Wen: Chinese and US economies 'complementary'
Updated: 2011-03-18 10:43
By Ding Qingfen and Chen Jia (China Daily)
BEIJING - China's commitment to stimulating domestic consumption and encouraging technological innovation will provide "more business opportunities" for US businesses as the economies of the two countries are "complementary", said Premier Wen Jiabao.
He made the remark during a meeting with US representatives participating the first US-China CEO and Former Senior Officials' Dialogue which started on Thursday.
"China will adhere to an 'opening-up' policy that will create benefits for both countries, continually improving the rules and regulations relating to foreign businesses in the country," said Wen.
China and the United States are each other's second-largest trading partners.

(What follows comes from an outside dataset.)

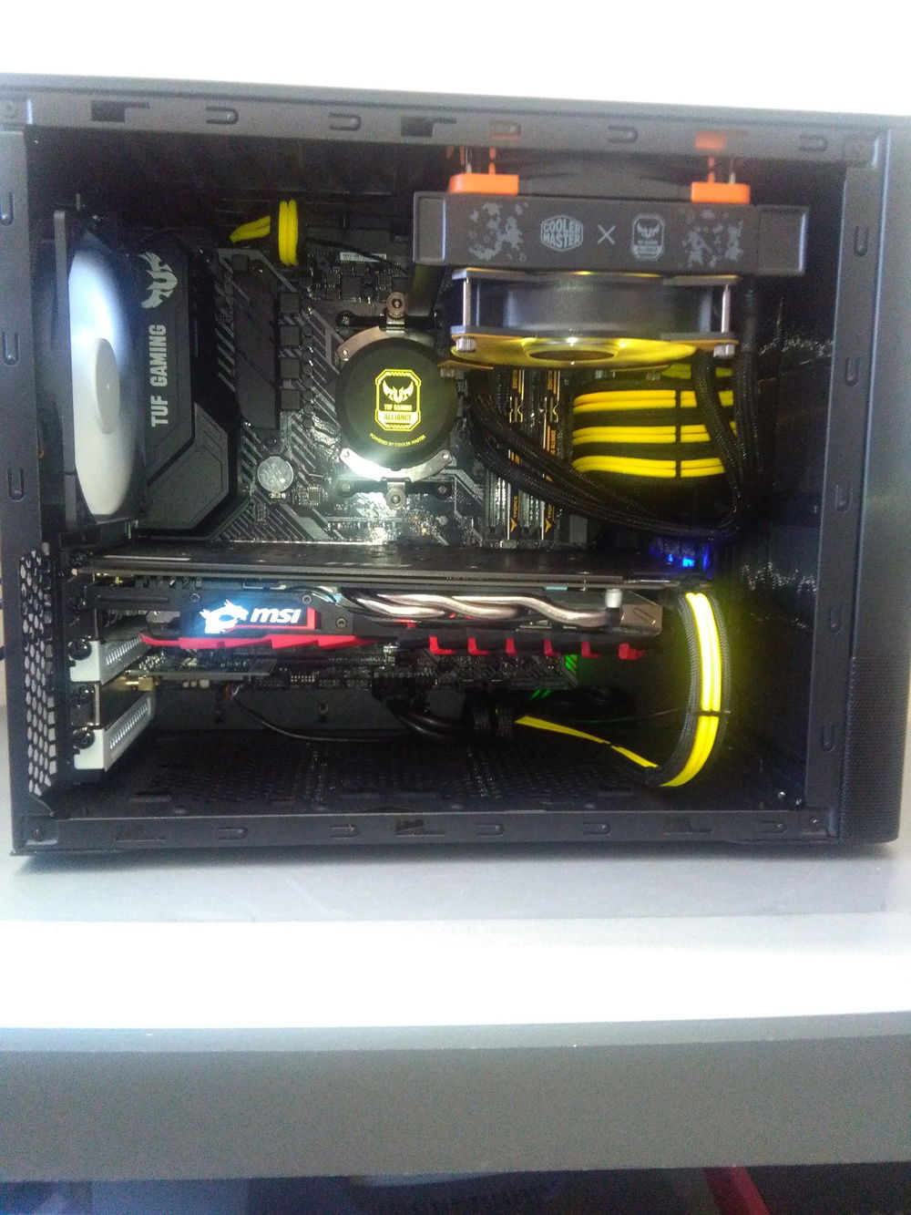 There it is a new pc build but not one I expected a tuf themed AMD RYZEN 5 2400G Quad-Core 3.6 GHz (3.9 GHz Turbo) Socket AM4 65W ASUS TUF B450M-PLUS Team T-FORCE VULCAN TUF Gaming Alliance 16GB (2 x 8GB) 288-Pin DDR4 SDRAM DDR4 Seasonic FOCUS series SSR-750FM 750W 80 + Gold Power Supply, Semi-Modular, ATX12 HP EX900 M.2 120GB PCIe 3.0 x4 NVMe 3D TLC NAND Internal Solid State Drive (SSD) Seagate Hard Drive ST3000DM008 3TB 7200 RPM 64MB Cache Cooler Master MasterLiquid Lite ML120L TUF Gaming Alliance Edition RGB AIO Fractal Design Node 804 Black Window Aluminum/Steel MATX Cube Computer Case.
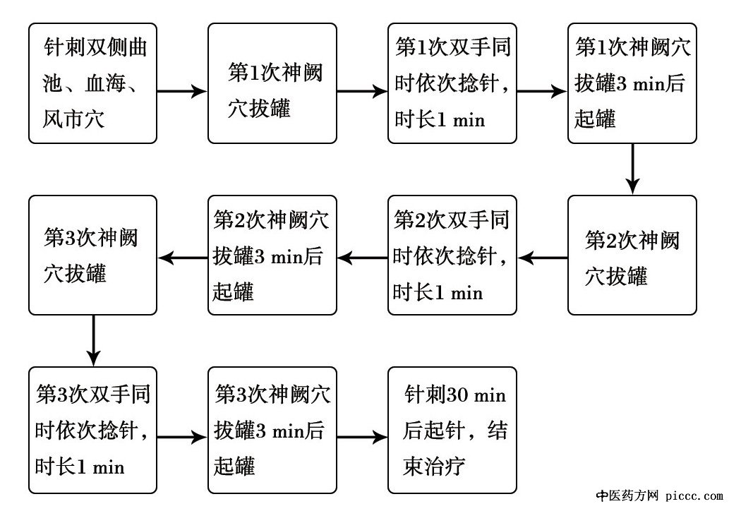 “三三三疗法”针对的疾病就是荨麻疹,操作比较简单。因为在操作过程中多次涉及“3”这个数字,比如针刺曲池、血海、风市3个穴位;穴位捻针3次,每次1min,共计3min;每次神阙穴拔罐3min,连续拔罐3次,所以钮韵铎教授形象地将这种治疗方法命名为“三三三疗法”。在临床治疗中,不论急性荨麻疹或慢性荨麻疹,钮韵铎教授基本都会使用“三三三疗法”。该疗法隔日1次,3次为1个疗程。具体操作顺序如下图。

During the past year, the two have been embroiled in a series of disagreements over a number of issues, including currency revaluation and the investment environment.
However, the disputes will not ruin the possibility and necessity of bilateral economic cooperation. "The financial crisis does not change the fact that the economies of China and the US are complementary China is willing to strengthen cooperation and coordination with the US to cope with any divergence," said Wen. "We should discover effective means of cooperation on the issues of finance, economics and trade."
During his annual government work report, Premier Wen set an average economic growth target of 7 percent each year until the end of 2015. He added that disposable income for both rural and urban residents is expected to grow by more than 7 percent for each person.
The two-day forum, which is being held in Beijing, is concerned with current hot topics including economic trends in China and the US, improving the investment environment, promoting technological innovation, and the development of financial industry.
As part of President Hu Jintao's official US visit earlier this year, China purchased goods worth $45 billion in the fields of agriculture, telecommunications and high-technology. The country is expected to send two more large trade delegations to the US this year, which will mainly focus on the acquisition of energy-saving products.
China is running a huge trade surplus with the US, with the figure accounting for the majority of China's annual trade surplus. The US trade deficit has been a source of tension between the countries, and has also provided ammunition for demands that the yuan should be allowed to rise.
In 2010, the trade surplus with the US was $181.27 billion, up 26 percent from a year earlier. China initiated a strategy of promoting imports late last year to balance trade. From January to February, China's trade surplus with the US was $21.5 billion, compared with $20.9 billion a year earlier.